The heat of reaction lab was designed for students to calculate the standard enthalpy of a system. Enthalpy is the study of heat liberated and absorbed from a physical and chemical view. Enthalpy in other words is the flow of heat in a system. A system is defined as the products and reactants. While the surround is the things that isn’t apart of the system. The method that was used in this experiment to figure out the heat of reaction was using the calorimeter to figure out the heat change with the heat capacity that was given. The results for the first part of the heat of a solution per mole of KNO3 (s) dissolved was 42.6014 kJ/mol with a 22.1 percent error. The reaction type was endothermic. The results for the second part in heat neutralization per mole of H30+ was -56.18kJ/mol with a 1.5 percent error. The reaction for the second part was in fact exothermic. The results of the last part heat of reaction per mole of Mg (s) reacted was -458.88 kJ/mol with a 0.78 percent error. The results of the reaction was exothermic which means temperature of the reaction increased and with such low percent error it means that the reaction was correctly calculated.

Introduction: [c]

The change in enthalpy is what is considered the heat of a reaction. The change in enthalpy is important to this lab because it teaches the students concepts of whether a reaction is endothermic or exothermic. Endothermic can be defined as the absorption of heat while exothermic is the liberation of heat. In chemistry it is known that energy can not be created nor destroy so there for this lab is important because it shows how temperature not only changes a substance from a chemical state but also a physical one as well. Another concept that was learned in this experiment is heat capacity. “Heat capacity is the specific is the amount of heat required to raise the temperature of 1 gram of the substance by 1°C”(Thermochemistry,1) Heat capacity is used to help indicate how much is needed to raise a substance temperature. The heat capacity for the lab was 4.184 J/ °C. It was constant throughout all the parts in the lab.

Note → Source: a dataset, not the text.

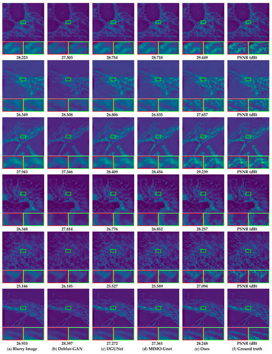 To better evaluate the proposed algorithm’s performance, we recovered images on our dataset and compared them with other algorithms, including Deblur-GAN [26], DGUNet [31], and MIMO-Unet [32]. An intuitive comparison is shown in Figure 7. Figure 7f are the ground truth images from the test set. Then we first added various fuzziness to obtain Figure 7a, and we used Figure 7a as input for each algorithm to obtain each of the remaining images in Figure 7, respectively. Compared with the previous image processing methods, it can be seen that this method can obviously recover the spatial details of W2S images better. The PSNR and SSIM values calculated for each image and the ground truth image are listed below the image, respectively. The PSNR and SSIM of the proposed algorithm exceeded that of Deblur-GAN, DGUNet, and MIMO-Unet. The tangible performance gains, quantified through metrics such as PSNR and SSIM, underscore the efficacy of our approach in significantly enhancing image quality [33]. Notably, the visual results further emphasize the ability of our method to produce images that are not only sharper but also more faithful to the original scenes [34], crucial qualities in applications such as medical imaging, surveillance, and other domains where precision and accuracy are paramount.

In this lab the only way the enthalpy of a system can be calculated is by a calorimeter. The way that a calorimeter was achieved with the simple equipment in the lab is that it was set up with two coffee cups (polystyrene). The calorimeter was set up using two cups, a stabilized a fiber board to cover the cups and a thermometer that used to acquire the temperature of the substance.  Enthalpy was calculated due to the “standard conditions of temperature and constant pressure of the reactants”( Lucas pg.1) 1. The overall purpose of this lab is calculating the enthalpy of a system using the calorimeter. The interesting thing about this experiment is that the first law of thermal dynamics can be seen clearly through the reaction. The first law of thermodynamic says that nothing can be lost or gained in a system. However, we can see the changes through the exchanges of endothermic and exothermic reaction processes. Thermodynamics is defined as the branch of physics that explains the relationship between heat and other forms of energy.

This information is critical to chemistry because it helps the students understand how exactly molecules react with thermal energy.  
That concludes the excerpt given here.